## TASK DIRECTIONS
In your copy, leave out the pictures; write out all the data exactly.
=== SUPPLIED INFORMATION ===
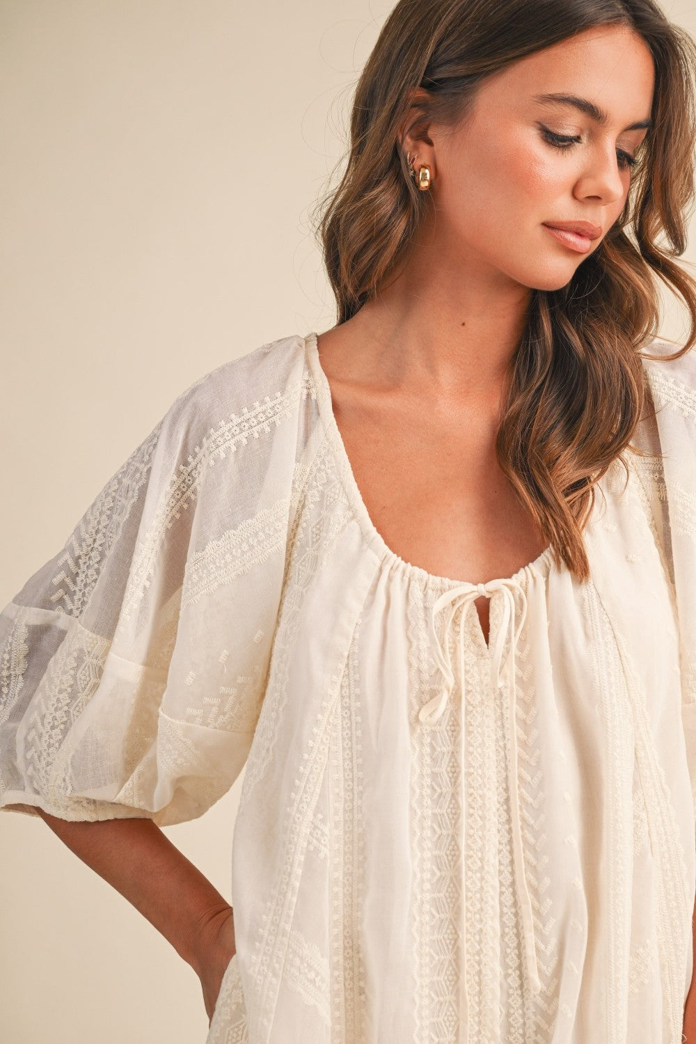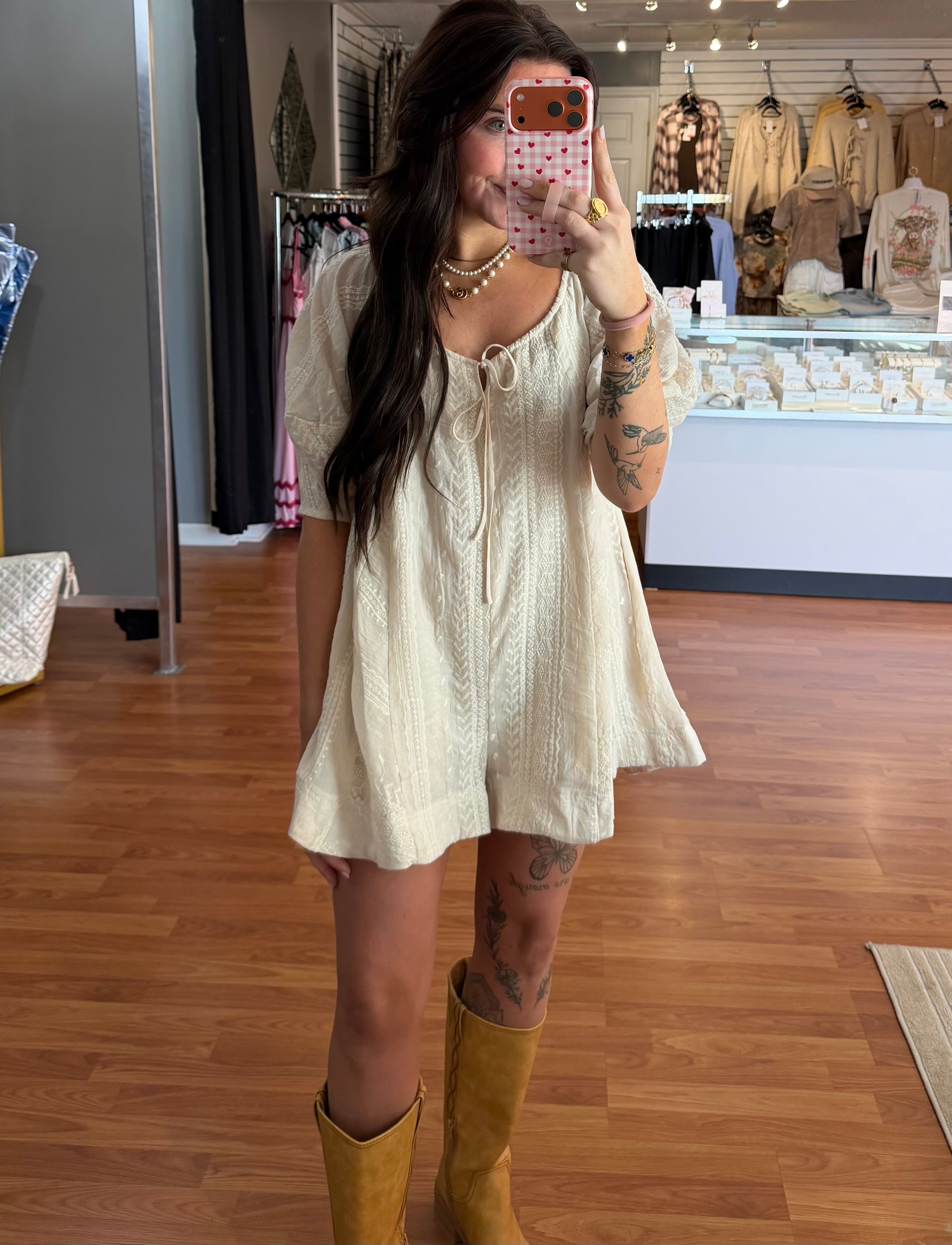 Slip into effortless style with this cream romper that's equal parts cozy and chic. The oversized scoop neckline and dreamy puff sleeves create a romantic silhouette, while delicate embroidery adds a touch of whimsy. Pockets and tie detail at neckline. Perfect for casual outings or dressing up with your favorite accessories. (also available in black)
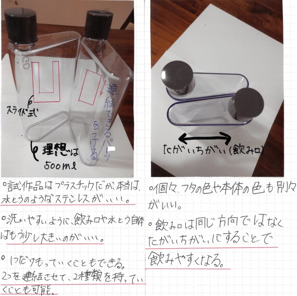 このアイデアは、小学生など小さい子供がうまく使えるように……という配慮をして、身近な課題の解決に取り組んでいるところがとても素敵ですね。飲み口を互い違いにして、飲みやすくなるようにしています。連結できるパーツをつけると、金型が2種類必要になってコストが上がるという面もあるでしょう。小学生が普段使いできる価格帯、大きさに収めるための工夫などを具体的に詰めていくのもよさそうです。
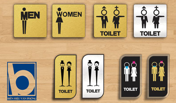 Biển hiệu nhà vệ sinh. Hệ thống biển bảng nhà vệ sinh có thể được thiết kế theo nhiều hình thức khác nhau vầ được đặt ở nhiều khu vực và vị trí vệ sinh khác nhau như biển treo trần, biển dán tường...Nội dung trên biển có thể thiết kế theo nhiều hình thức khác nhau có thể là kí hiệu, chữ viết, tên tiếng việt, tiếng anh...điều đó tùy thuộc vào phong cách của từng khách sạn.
===
## ANSWER TO THE EXERCISE
 Slip into effortless style with this cream romper that's equal parts cozy and chic. The oversized scoop neckline and dreamy puff sleeves create a romantic silhouette, while delicate embroidery adds a touch of whimsy. Pockets and tie detail at neckline. Perfect for casual outings or dressing up with your favorite accessories. (also available in black)
 このアイデアは、小学生など小さい子供がうまく使えるように……という配慮をして、身近な課題の解決に取り組んでいるところがとても素敵ですね。飲み口を互い違いにして、飲みやすくなるようにしています。連結できるパーツをつけると、金型が2種類必要になってコストが上がるという面もあるでしょう。小学生が普段使いできる価格帯、大きさに収めるための工夫などを具体的に詰めていくのもよさそうです。
 Biển hiệu nhà vệ sinh. Hệ thống biển bảng nhà vệ sinh có thể được thiết kế theo nhiều hình thức khác nhau vầ được đặt ở nhiều khu vực và vị trí vệ sinh khác nhau như biển treo trần, biển dán tường...Nội dung trên biển có thể thiết kế theo nhiều hình thức khác nhau có thể là kí hiệu, chữ viết, tên tiếng việt, tiếng anh...điều đó tùy thuộc vào phong cách của từng khách sạn.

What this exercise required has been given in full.